Abstract

AbstractWe are witnessing a proliferation of new critical scholarship on the manifold forms of extractivism. Yet, there are risks associated with extraction being rendered a broad metaphor for innumerable forms of removal and value‐making through exploitation and misappropriation. Theorising within decolonial Black feminisms, we respond to the metaphorization of extraction by (re)asserting the need for persistent analysis on the material and embodied effects and consequences of extractivisms. That is, the specific processes, logics, ideologies, and relations of extractivism recast lands, labours, ecosystems, and bodies, and particularly the bodies of women of colour. This helps to ensure the concept does not become figuratively empty and abstracted in politically and analytically debilitating ways.

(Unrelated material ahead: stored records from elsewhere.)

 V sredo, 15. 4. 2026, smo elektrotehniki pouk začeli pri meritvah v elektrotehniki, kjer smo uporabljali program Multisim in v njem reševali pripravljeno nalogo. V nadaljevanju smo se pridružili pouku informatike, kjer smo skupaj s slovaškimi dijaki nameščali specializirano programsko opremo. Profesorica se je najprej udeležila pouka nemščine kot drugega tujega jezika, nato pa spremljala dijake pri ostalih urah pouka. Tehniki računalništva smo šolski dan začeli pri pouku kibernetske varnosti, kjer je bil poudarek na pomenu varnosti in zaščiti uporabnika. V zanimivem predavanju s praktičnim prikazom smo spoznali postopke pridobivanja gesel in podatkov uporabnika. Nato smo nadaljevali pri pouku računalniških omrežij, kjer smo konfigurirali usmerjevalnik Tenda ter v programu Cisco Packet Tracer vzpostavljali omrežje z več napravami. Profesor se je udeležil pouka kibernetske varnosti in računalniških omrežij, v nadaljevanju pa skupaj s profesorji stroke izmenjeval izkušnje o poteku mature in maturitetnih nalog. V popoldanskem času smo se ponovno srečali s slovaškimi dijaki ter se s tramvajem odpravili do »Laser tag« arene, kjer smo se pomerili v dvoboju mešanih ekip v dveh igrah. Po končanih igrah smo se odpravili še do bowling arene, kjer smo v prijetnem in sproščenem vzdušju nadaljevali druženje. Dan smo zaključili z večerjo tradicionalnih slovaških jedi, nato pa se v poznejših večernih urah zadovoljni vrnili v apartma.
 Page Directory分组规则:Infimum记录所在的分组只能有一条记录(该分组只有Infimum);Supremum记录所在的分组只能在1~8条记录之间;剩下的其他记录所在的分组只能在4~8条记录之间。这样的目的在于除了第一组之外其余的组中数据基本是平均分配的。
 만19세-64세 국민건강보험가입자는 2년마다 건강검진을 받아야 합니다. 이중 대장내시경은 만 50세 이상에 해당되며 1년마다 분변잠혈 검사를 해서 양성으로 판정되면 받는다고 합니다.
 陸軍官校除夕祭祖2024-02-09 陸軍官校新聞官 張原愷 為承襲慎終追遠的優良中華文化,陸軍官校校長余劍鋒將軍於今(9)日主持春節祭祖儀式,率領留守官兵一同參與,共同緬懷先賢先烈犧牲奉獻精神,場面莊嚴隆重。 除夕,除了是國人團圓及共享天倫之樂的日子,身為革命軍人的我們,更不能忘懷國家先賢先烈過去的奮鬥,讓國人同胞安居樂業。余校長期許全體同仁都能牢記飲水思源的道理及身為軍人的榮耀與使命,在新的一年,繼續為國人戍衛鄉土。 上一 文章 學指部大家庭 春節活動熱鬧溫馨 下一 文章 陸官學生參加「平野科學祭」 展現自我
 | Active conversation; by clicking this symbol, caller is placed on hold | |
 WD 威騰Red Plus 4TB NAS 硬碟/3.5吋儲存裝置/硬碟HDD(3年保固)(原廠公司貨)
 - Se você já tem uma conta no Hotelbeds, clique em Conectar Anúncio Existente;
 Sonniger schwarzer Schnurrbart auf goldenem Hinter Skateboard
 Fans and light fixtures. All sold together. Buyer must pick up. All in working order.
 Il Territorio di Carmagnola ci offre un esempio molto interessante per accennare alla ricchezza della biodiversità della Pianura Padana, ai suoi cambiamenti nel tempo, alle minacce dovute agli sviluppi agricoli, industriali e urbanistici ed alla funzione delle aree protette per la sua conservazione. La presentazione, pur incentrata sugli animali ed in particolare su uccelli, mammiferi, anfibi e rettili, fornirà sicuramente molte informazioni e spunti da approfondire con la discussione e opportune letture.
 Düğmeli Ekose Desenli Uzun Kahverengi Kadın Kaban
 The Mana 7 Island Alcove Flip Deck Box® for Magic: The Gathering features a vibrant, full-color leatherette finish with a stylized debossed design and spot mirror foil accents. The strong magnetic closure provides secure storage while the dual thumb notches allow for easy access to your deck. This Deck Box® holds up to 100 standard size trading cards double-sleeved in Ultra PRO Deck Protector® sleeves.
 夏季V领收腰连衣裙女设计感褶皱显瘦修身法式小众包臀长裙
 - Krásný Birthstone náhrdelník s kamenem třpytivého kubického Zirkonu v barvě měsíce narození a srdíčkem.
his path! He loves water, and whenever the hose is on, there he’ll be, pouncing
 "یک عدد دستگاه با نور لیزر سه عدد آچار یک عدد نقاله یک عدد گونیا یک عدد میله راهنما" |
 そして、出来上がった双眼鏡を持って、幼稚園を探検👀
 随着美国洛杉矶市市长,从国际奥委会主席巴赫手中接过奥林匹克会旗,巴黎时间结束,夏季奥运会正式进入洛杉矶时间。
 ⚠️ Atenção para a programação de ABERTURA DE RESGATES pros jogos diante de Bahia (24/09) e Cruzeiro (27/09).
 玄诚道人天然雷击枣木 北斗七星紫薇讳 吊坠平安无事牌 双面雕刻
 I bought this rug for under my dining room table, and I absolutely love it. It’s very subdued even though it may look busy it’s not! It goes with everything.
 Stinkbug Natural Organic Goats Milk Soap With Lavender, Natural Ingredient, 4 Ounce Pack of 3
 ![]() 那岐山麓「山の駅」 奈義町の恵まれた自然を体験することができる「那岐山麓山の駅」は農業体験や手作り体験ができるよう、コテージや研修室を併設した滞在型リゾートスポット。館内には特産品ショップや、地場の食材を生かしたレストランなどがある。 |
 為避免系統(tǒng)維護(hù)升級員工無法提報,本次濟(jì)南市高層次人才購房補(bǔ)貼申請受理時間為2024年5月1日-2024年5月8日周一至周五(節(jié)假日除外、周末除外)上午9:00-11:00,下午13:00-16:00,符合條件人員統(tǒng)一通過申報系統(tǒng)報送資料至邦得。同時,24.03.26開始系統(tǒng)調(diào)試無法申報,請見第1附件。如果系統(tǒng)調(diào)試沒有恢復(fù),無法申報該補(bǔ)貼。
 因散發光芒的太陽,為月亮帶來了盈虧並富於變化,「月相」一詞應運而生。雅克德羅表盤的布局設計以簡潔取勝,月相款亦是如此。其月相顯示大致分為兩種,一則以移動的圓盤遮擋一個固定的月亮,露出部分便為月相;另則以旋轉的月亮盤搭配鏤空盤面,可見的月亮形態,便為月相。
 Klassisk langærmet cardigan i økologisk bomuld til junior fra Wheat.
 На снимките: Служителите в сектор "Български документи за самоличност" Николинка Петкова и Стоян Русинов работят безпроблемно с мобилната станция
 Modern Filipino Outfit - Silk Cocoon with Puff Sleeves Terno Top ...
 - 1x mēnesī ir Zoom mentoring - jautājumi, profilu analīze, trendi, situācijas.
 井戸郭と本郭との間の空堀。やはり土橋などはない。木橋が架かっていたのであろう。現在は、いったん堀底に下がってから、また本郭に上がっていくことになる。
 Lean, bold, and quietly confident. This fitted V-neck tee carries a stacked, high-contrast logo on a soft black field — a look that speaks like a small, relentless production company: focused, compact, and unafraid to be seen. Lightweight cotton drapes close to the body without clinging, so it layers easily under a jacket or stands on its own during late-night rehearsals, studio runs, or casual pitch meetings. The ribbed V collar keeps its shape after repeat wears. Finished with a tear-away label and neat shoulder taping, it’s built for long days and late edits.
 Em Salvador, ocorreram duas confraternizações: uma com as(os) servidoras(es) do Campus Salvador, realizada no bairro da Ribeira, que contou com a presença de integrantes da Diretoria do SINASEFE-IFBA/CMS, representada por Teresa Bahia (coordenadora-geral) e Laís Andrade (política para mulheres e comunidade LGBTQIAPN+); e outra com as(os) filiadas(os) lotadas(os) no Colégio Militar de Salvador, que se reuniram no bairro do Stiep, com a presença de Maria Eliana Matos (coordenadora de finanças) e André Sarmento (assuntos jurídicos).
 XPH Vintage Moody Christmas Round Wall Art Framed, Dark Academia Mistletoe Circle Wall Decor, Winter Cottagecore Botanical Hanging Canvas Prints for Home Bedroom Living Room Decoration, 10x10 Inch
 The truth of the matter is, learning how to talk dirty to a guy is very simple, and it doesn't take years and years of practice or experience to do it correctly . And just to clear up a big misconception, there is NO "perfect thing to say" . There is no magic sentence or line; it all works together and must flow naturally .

Drawing on more than a decade of research with three communities entangled within and targeted through extractivism along the Chad–Cameroon Oil Pipeline and the extractive‐tourist coastline of Panama, we mobilise a conception of 'extractive logics' to refer to the unnamed, unquestioned, often contradictory, foundational epistemic frameworks that permit the seemingly‐permanent structures and relations of removal, destruction, and dehumanization. We analyse documents from the Chad–Cameroon oil consortium, which projected and then calculated the economic ‘costs’ of the pipeline's triggering of an increase in rates of HIV/AIDS in adjacent towns and cities, alongside the entanglement of capitalist extraction with the medical neglect of Black labourers in Panama. Doing so demystefies the ways that racial and gendered violence are sanctioned (and even premeditated) within extractive logics. We hope that this work challenges some of the methodological nationalism so common within extractive scholarship, and brings extractive processes across disparate South–South and black geographies into conversation, activating a cross‐fertilisation of research across otherwise distinct geographies and geographical refrains. We reflect on the imperatives for and (im)possibilities of decolonial research against extractivism.